New Kyrgyz president sworn in as Central Asia sees its first peaceful democratic transfer of power

By bne IntelliNews November 24, 2017

Kyrgyzstan on November 24  inaugurated Sooranbai Jeenbekov as its new president. Jeenbekov replaced Almazbek Atambayev, who was constitutionally barred from serving more than a single six-year term.

The inauguration marked the first peaceful transfer of power from one democratically elected official to another in the Central Asian region. Kyrgyzstan, often hailed as an island of democracy, has toppled two autocratic regimes - one in 2005 and another in 2010 - and has since only had one interim president and subsequently democratically elected Atambayev as its leader. Nevertheless, the transfer of power hints at an emerging dominant party system in the country.

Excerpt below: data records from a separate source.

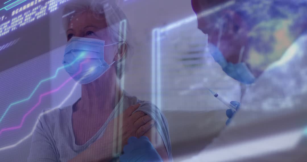 - Senior Woman Receiving Vaccine Injection Enhanced by Digital Analytics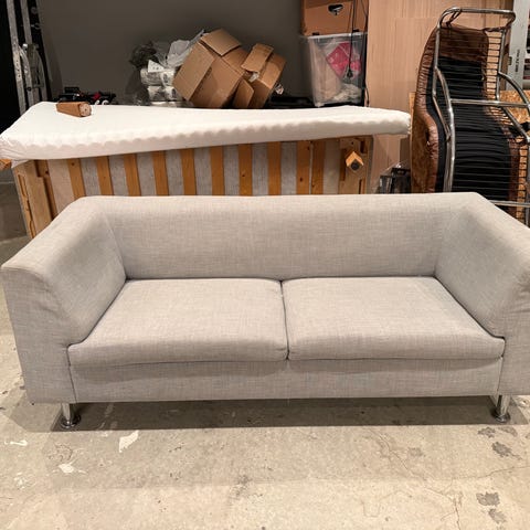 Brukt, grå 3-seter sofa. Fra husstand uten dyr eller røyking. Litt slitt på armlenene (vist på bilde 3). Må hentes selv fra Fagereng.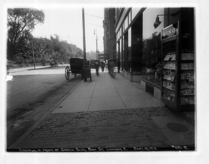 The building on the corner is the Garden Building with a "To let" sign in the windown. Arlington Street Church can be seen on the right in the background. The Public Garden is on the right side of the image. Automobiles and horse-drawn vehicles are parked on Boylston Street.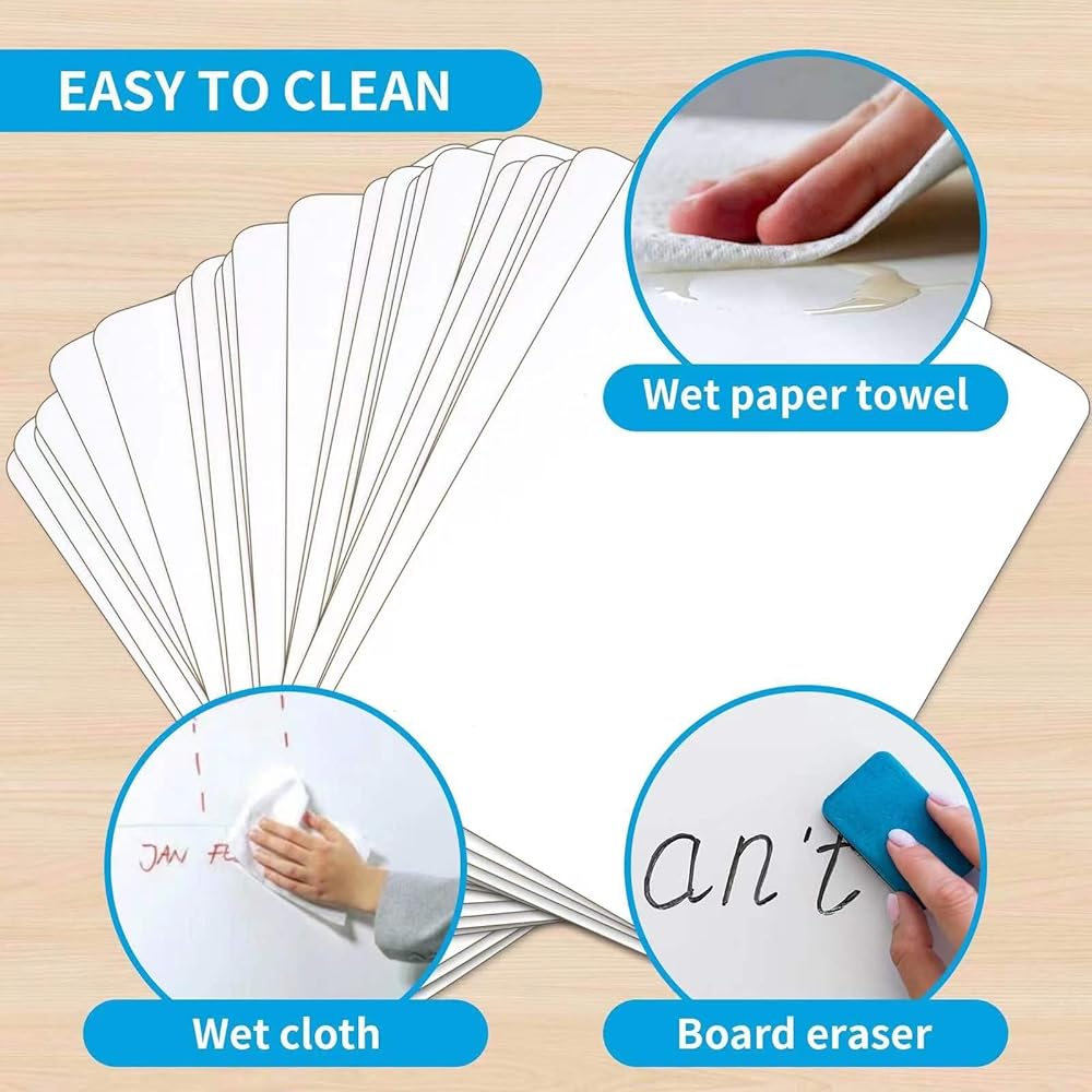 التطبيق الواسع: إن اللوحة الجافة المسح ليست مفيدة فقط في الفصل الدراسي ولكن أيضًا في المنزل والمكتب. يمكن استخدام اللوحات البيضاء الشخصية من قبل الطلاب لممارسة مشاكل الرياضيات أو الكلمات الإملائية. كما أنها مفيدة لكتابة الملاحظات والأعمال المنزلية والأنشطة والأهداف والمهمة ، والتي يمكن محوها وتحديثها بسهولة. يمكن استخدامها في إعدادات مختلفة مثل المطبخ أو المكتب أو لأغراض الترفيه.

Both Jeenbekov and Atambayev are members of the Social Democratic Party (SDP) and Atambayev is bent on maintaining a status quo under it. Prior to his departure from office, Atambayev cracked down on election runner-up Omurbek Babanov on dubious charges of "stoking ethnic, racial, and religious hatred" and "publicly calling for the violent change of the constitutional order".

Atambayev insisted that Babanov was a stooge of Kyrgyzstan’s northern neighbour Kazakhstan. However some Kyrgyz analysts believe Atambayev has been manipulating democracy to maintain himself as a “shadow-ruler” and, as such, getting rid of Babanov would be a form of ridding his party from future popular competition at the ballot box.

If cemented further, SDP’s power as the dominant party could weaken Kyrgyzstan’s multi-party system by imposing more regulations on freedom of speech, thus securing future victories for the party. That would eventually lead to a situation mirroring the environment in Russia where “United Russia” is the dominant party. A Babanov victory could have at least partially disrupted the emerging one-party framework. But now challenging the SDP’s rule before its power can grow out of proportion will be down to voters in future elections.

Atambayev said on November 20 he would not quit politics and promised to return for the 2020 parliamentary elections to help SDP, which currently leads the Kyrgyz parliament’s ruling coalition.